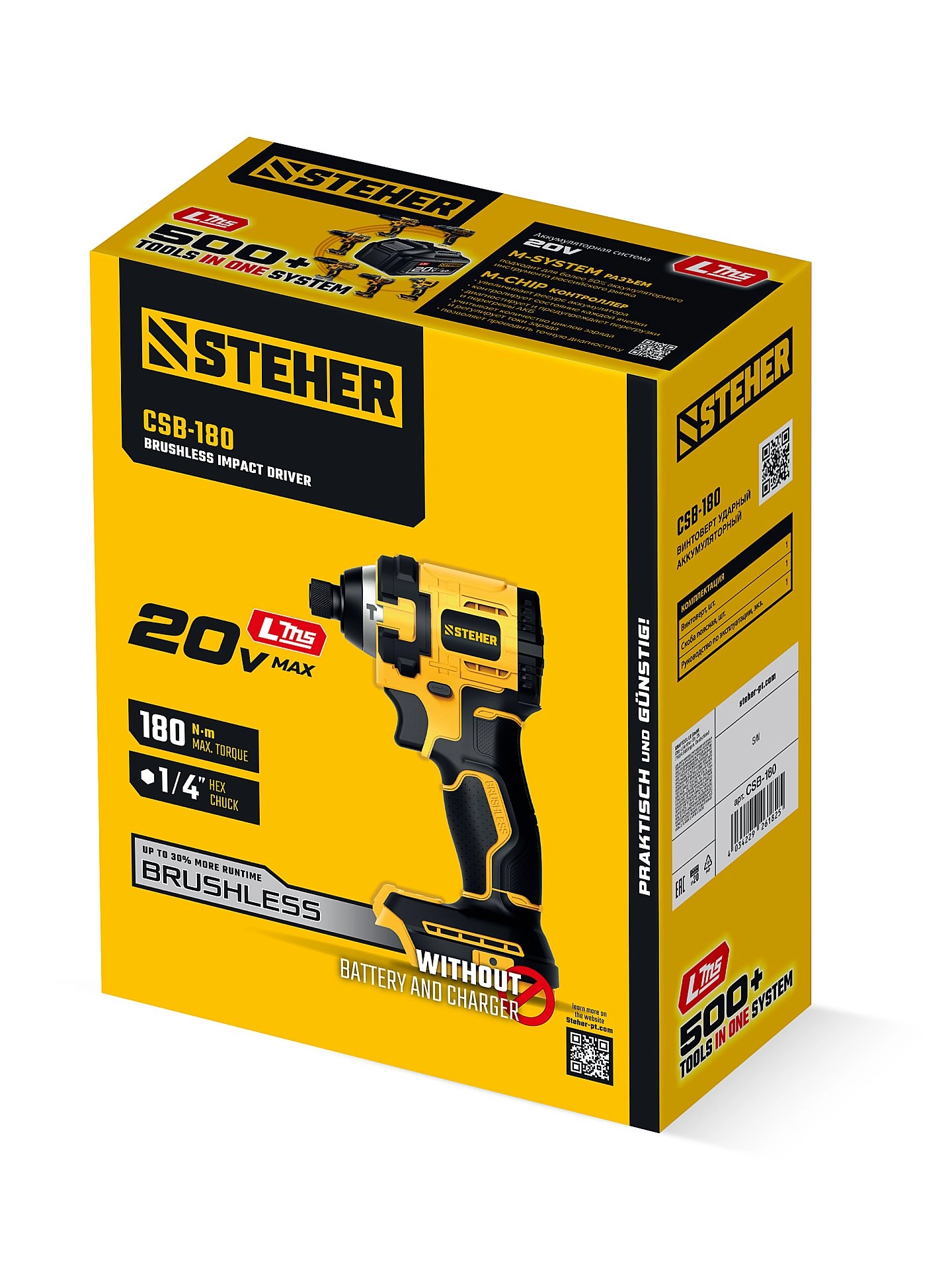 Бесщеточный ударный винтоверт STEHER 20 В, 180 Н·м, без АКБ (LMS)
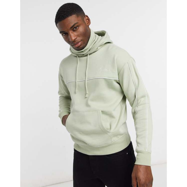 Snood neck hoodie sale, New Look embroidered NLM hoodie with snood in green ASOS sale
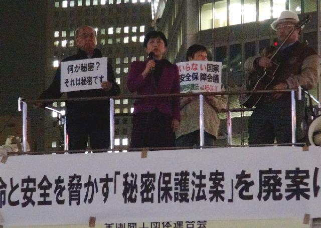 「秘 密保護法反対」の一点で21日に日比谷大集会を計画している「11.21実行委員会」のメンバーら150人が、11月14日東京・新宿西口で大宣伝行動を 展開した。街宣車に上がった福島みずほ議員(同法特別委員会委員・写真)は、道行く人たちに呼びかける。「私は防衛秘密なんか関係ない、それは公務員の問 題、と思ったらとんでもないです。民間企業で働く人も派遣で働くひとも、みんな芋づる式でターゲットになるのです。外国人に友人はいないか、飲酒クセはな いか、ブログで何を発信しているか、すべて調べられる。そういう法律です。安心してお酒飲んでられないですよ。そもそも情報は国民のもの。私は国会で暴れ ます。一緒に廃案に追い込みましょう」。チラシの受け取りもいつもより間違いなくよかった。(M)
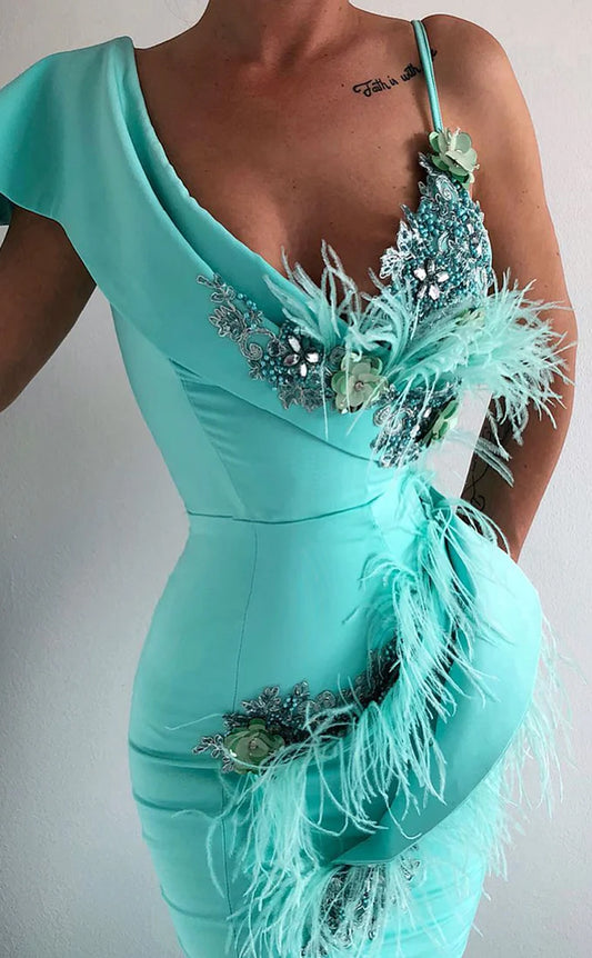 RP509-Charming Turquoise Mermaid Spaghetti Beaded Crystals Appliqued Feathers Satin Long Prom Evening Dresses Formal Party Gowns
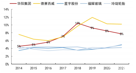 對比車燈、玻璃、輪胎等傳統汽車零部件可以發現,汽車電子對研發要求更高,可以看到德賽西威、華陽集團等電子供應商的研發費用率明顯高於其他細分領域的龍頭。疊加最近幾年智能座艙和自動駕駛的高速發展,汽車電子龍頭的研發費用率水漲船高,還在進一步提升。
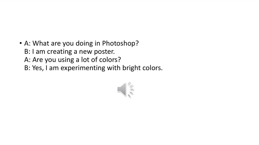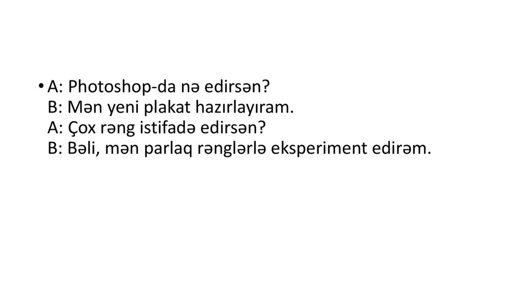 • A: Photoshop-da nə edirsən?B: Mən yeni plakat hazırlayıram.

---

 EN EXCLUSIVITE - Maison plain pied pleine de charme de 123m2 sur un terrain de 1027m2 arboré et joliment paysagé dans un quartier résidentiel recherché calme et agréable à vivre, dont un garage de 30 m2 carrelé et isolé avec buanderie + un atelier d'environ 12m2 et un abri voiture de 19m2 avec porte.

---

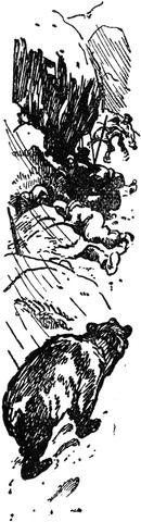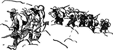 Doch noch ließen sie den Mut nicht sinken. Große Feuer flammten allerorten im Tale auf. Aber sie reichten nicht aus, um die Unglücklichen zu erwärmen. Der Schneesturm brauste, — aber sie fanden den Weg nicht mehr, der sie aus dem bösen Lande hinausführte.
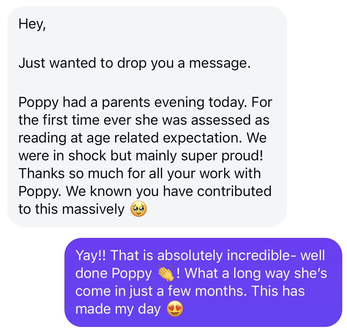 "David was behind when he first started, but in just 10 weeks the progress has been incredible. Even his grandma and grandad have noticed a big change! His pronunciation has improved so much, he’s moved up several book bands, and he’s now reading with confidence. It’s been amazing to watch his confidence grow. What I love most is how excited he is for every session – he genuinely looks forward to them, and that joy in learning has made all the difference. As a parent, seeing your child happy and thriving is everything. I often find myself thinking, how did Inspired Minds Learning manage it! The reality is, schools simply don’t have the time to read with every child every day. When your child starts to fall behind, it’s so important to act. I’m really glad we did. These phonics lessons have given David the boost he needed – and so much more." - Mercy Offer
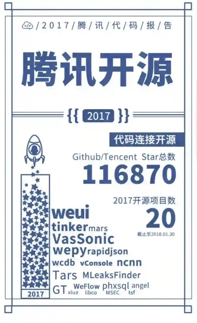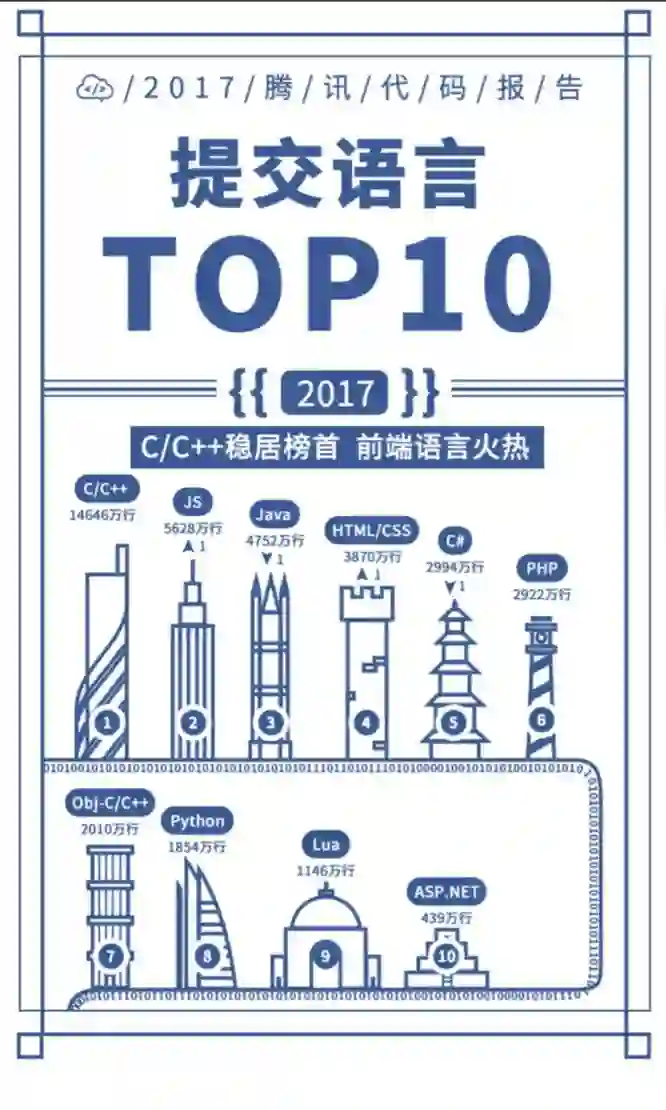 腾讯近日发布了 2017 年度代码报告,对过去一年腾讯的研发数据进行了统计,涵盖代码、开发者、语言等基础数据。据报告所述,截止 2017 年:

---

» Try it
Take the material above and output only the lines from the one that contains "Snood neck hoodie" through the one that contains "RP509-Charming Turquoise Mermaid", ends included and images left out.

» Answer to the problem
 Snood neck hoodie sale, New Look embroidered NLM hoodie with snood in green ASOS sale
 「秘 密保護法反対」の一点で21日に日比谷大集会を計画している「11.21実行委員会」のメンバーら150人が、11月14日東京・新宿西口で大宣伝行動を 展開した。街宣車に上がった福島みずほ議員(同法特別委員会委員・写真)は、道行く人たちに呼びかける。「私は防衛秘密なんか関係ない、それは公務員の問 題、と思ったらとんでもないです。民間企業で働く人も派遣で働くひとも、みんな芋づる式でターゲットになるのです。外国人に友人はいないか、飲酒クセはな いか、ブログで何を発信しているか、すべて調べられる。そういう法律です。安心してお酒飲んでられないですよ。そもそも情報は国民のもの。私は国会で暴れ ます。一緒に廃案に追い込みましょう」。チラシの受け取りもいつもより間違いなくよかった。(M)
 RP509-Charming Turquoise Mermaid Spaghetti Beaded Crystals Appliqued Feathers Satin Long Prom Evening Dresses Formal Party Gowns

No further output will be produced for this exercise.